A Capcom representative poked me on the shoulder and asked me to stop playing at a certain point, expressing surprise that I’d made it through the preview section so quickly. I’m a massive gamer so all I could do was raise my hands and accept his generous praise, but that’s not the point here. They were right, though – I’m the best.

The point is that Resident Evil 3 is a short and underwhelming remake that feels like a glorified expansion to its predecessor. I saw half of the campaign in just two short hours at this event, and to be honest there wasn’t much more waiting for me in the finished product.

I couldn’t escape that potential thought as I stepped out of the demo kiosk and snacked on some tasty burgers the PR had provided, cementing myself as the journalist shill I truly am.

I know there’s plenty of speculation that Resident Evil 2 & 3 were developed simultaneously, and the decision was made during production to release them as individual products instead of a single package. If that’s the case, I can understand the decision (it all but doubled Capcom’s potential profits), but Resident Evil 3 isn’t nearly substantial enough to justify a premium price tag.

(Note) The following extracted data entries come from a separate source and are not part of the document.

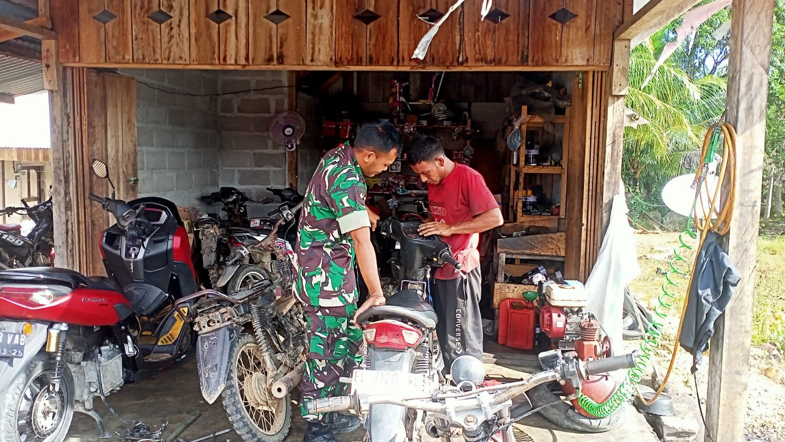 Aceh Jaya – Sebagai bentuk dukungan berupa support terhadap adanya usaha/peluang usaha di wilayah binaan, Koramil 0114-03/Setia Bakti Serda Zainal Aripin Komsos dengan bapak Maliki yang merupakan pemilik bengkel motor, di Desa Gampong Baro, Kec. Setia Bakti, Kab. Aceh Jaya, Rabu (15/01/2025).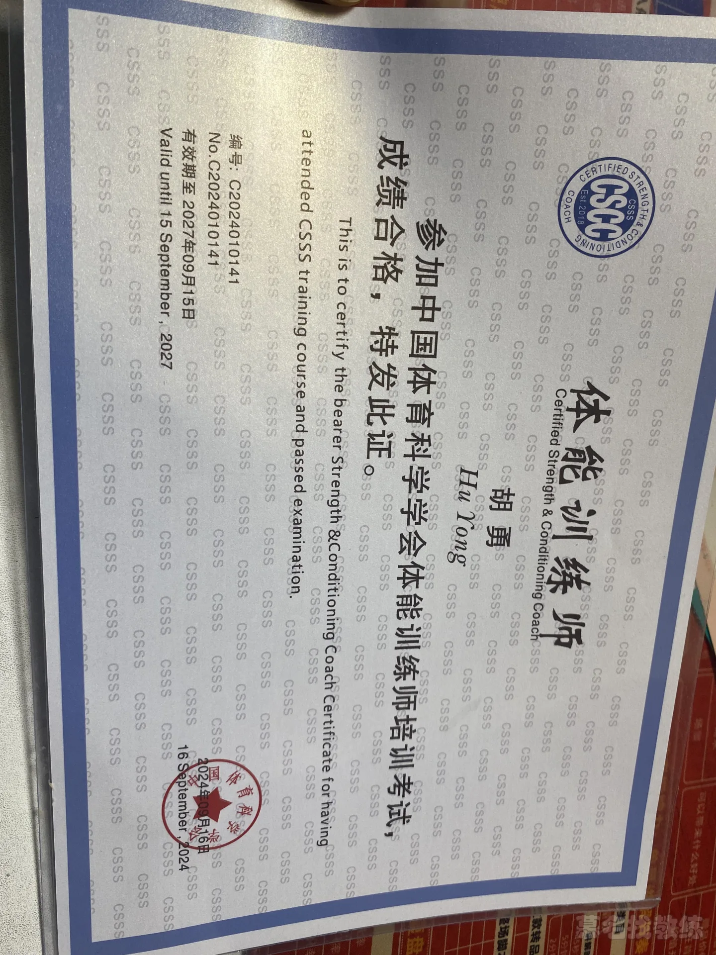 ・中国体育科学学会认证教练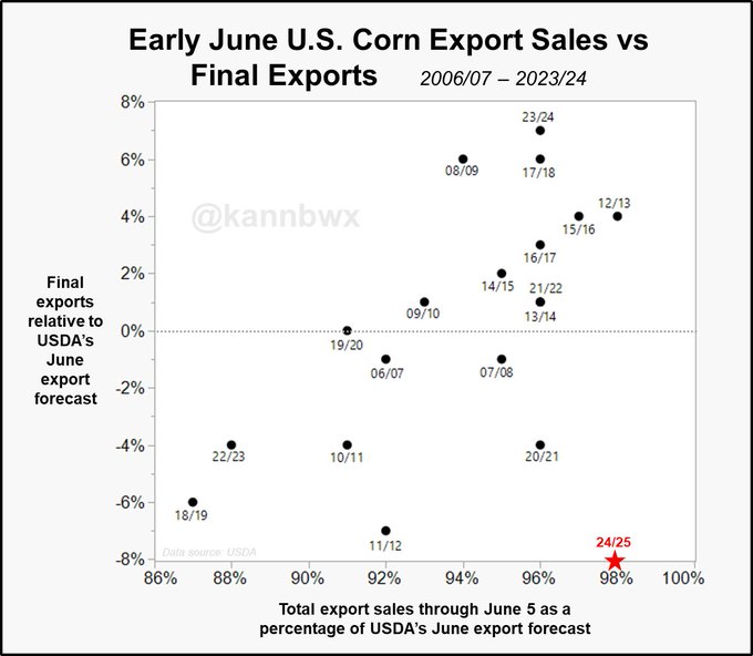 As of June 5, US #corn export sales for 2024/25 covered 98% of USDA's brand-new export target of 2.65 billion bushels. In the last 18 years, there were 8 where coverage by this point exceeded 95%. Seven of those 8 saw bigger final exports than what USDA estimated in June.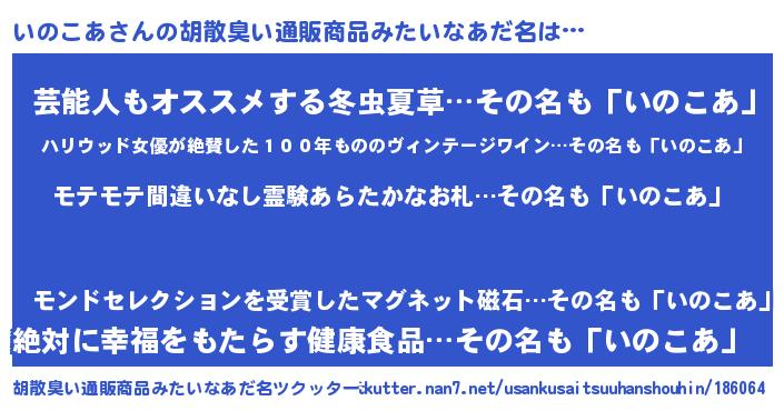 | ヘコむあだ名 | 『いのっふぃ~』『いのこあ(震え声)』 |

It came packaged with a mediocre asymmetrical multiplayer experience in the form of Project Resistance, but the community tired of this quickly and long-term support from its creators soon became a thing of the past.

Even Jill Valentine’s badassery wasn’t enough to stave off my disappointment. The campaign was great, but it was so short, cut so many ideas from the original, and felt like it lacked the ambition of Resident Evil 2. Heck – we even revisit the Raccoon City Police Department but all the puzzles have been solved. It’s as if we’re just passing through, murdering zombies and searching for resources before the game gets bored and moves us along.

Ahead of launch it was theorised that Nemesis would take the place of Mr. X, stalking us throughout Raccoon City as an unpredictable horror we’d need to use a combination of wits and firepower to avoid. Instead, he’s reduced down to little more than a boring handful of cutscenes and boss battles that make him feel like a minor threat and nothing a handful of conveniently placed rocket launchers can’t deal with. Resident Evil 3 wasn’t scary, it was an action movie that railroaded us through familiar locations like it was in a rush to reach the credits. New characters and sequences not seen in the original game didn’t help matters either, especially when fans would rather see the return of old favourites instead of half-baked horde sections. Gosh, I’m getting bummed out just thinking about it.

Earlier this week Capcom confirmed that Resident Evil 2 & 3 will be coming to PS5, Xbox Series X/S later this year, with a free upgrade for existing owners. Awesome, those games are already gorgeous and will no doubt shine on new consoles with a few extra bells and whistles. Unfortunately it won’t fix Resident Evil 3’s dire length and unimaginative design. Resident Evil 2 is Danny Boyle’s 28 Days Later while its sequel is Zack Snyder’s Army of the Dead, with the gap in quality so monumental that I can’t help but step back and ask what the hell happened. It felt like the first loss for Capcom in a streak of winners and makes me worry for whatever Resident Evil 4 Remake will end up being. Please don’t suck…

The finest graphics in the world won’t distract from a survival horror shooter that fails to capitalise on the brilliance of what came before it, or perhaps it was intended to work as a faster, more adrenaline-fueled companion in the same lineage instead of being pulled away to stand on its own. In that context Resident Evil 3 would have shined, but as a standalone product left to exist on its own merits, I can’t help but view it as inferior in almost every conceivable way. Jill and Carlos are both hot though, so I guess it isn’t all bad.